Well I want to upgrade in the quality to the best possible Tee. I want to put my own tags with my logo on there and keep it top notch. My question is it possibe to get that Big clothing label look without ordering 10,000 shirts. My Shirts go for 30+ because some profits go to charity orginizations and I want my customers to get what they pay for and them some.The screening print will be in 1 or 2 colors so no problem with multicolors.I find that the better the quality the more people want them. I like the AAA shirts but I hate the tag and dont know how to get my own tag on there. Can I do this and still turn a profit.


----------



## Solmu (Aug 15, 2005)

alcapon1 said:


> My question is it possibe to get that Big clothing label look without ordering 10,000 shirts.


Yes.

You might want to search the forum for _relabeling_ (or browse through this section of the forums), for lots of further information.


----------



## punkoriginal (Feb 5, 2007)

hi. the 1701 shirt from aaa has a tearaway tag. It work great. you can then screen print your label inside the neck.


----------



## punkoriginal (Feb 5, 2007)

AAA also does relabeling if you order something like 72 dozen shirts. but for low minimums muy the 1701 range with tearaway tag


----------



## Quattroporte (Dec 27, 2006)

I use American Apparel and AAA. With both of them, I find it wuite easy to take the tag out. However, it takes practice in order to not rip the seam. I think you have to find your own technique, but it takes me about a minute to take out a tag. Of course, it takes a second with the tear-away tags, but I get a great deal for the regular shirts.


----------



## Dave 2006 (Apr 13, 2006)

check out tsc apparel, they have many different brands to chose from, including american apparel, and they provide relabeling services with no minimum order for a cost of 30cent per shirt (cant beat that with a stick).


----------



## alcapon1 (Apr 22, 2007)

Thanks everyone this site is the bomb


----------



## forfeitclothing (Apr 25, 2007)

Also, Alot of American Apparel come Tagless, just for that purpose, and if you have ever noticed all of the shirts in Pacsun are screenprinted tags, Cant get more legit then pacsun.


----------



## alcapon1 (Apr 22, 2007)

wow,I did not know that. That is some interesting info


----------



## Rodney (Nov 3, 2004)

forfeitclothing said:


> Also, Alot of American Apparel come Tagless, just for that purpose, and if you have ever noticed all of the shirts in Pacsun are screenprinted tags, Cant get more legit then pacsun.
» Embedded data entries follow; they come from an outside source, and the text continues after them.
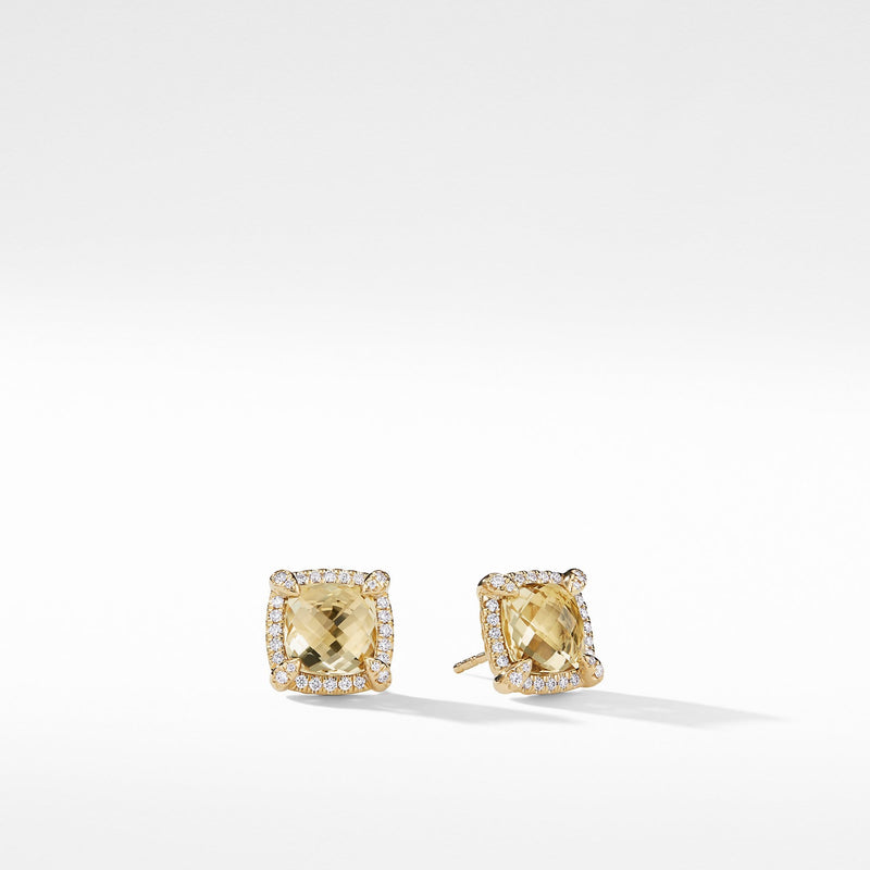 Chatelaine Pave Bezel Stud Earring with Champagne Citrine and Diamonds in 18K Gold,
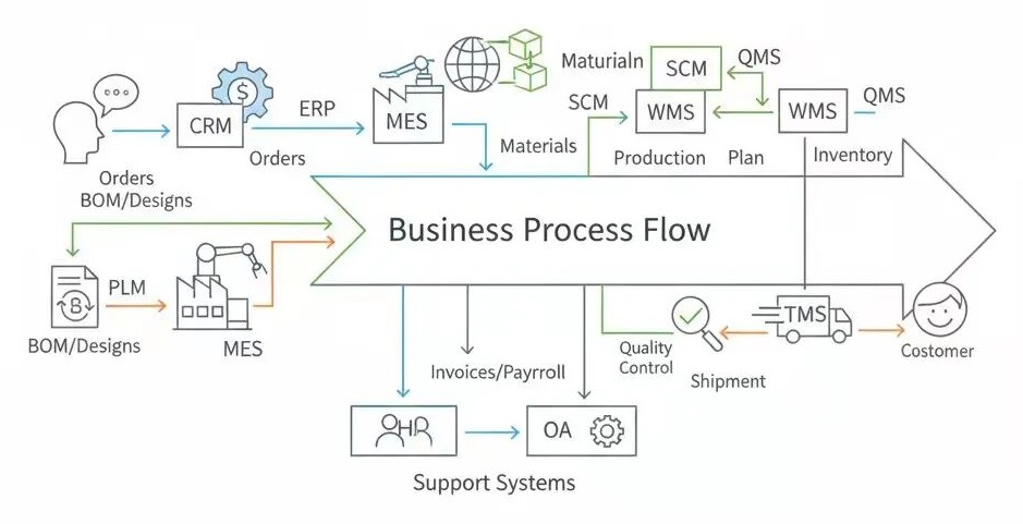 10大企业管理系统你都知道吗:ERP、MES、PLM、CRM、SCM、WMS、QMS、TMS、OA、HR
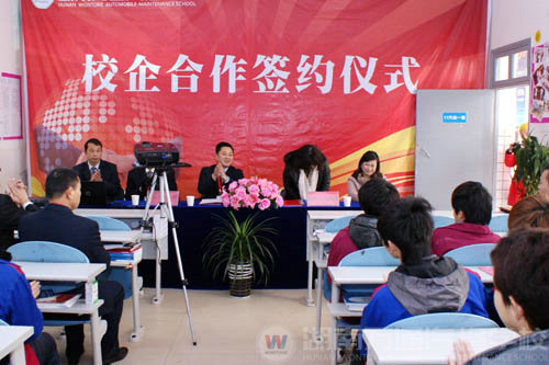 衡陽(yáng)大利集團(tuán)廖總經(jīng)理在簽約儀式上重點(diǎn)強(qiáng)調(diào)了汽修人才行情,她指出自中國(guó)加入世貿(mào)后,汽車保有量迅速超英趕日,躍居全球第二,已成為汽車消費(fèi)大國(guó)。無(wú)論是對(duì)汽車市場(chǎng)而言還是對(duì)技能型人才而言都存在著巨大的發(fā)展?jié)摿ΑD壳捌髽I(yè)技能型人才嚴(yán)重緊缺,此次衡陽(yáng)大利集團(tuán)入校主要是希望與湖南萬(wàn)通建立起良好的合作關(guān)系,以“訂單式培養(yǎng)”等多樣的形式,以穩(wěn)定的校企合作關(guān)系保證企業(yè)人才的供給。

I've never seen a tagless American Apparel shirt. Where do you get your AA shirts from that they come tagless?


----------



## tinkertee (Jan 2, 2007)

forfeitclothing said:


> Also, Alot of American Apparel come Tagless.


Whaaaat? American Apparel, tagless? No way.! Which shirt come tagless. Is that a special order thing, because all the shirts I order come w/tags?

I am such a noob.


----------



## punkoriginal (Feb 5, 2007)

style 1301 or 1701 comes with tearaway tag


----------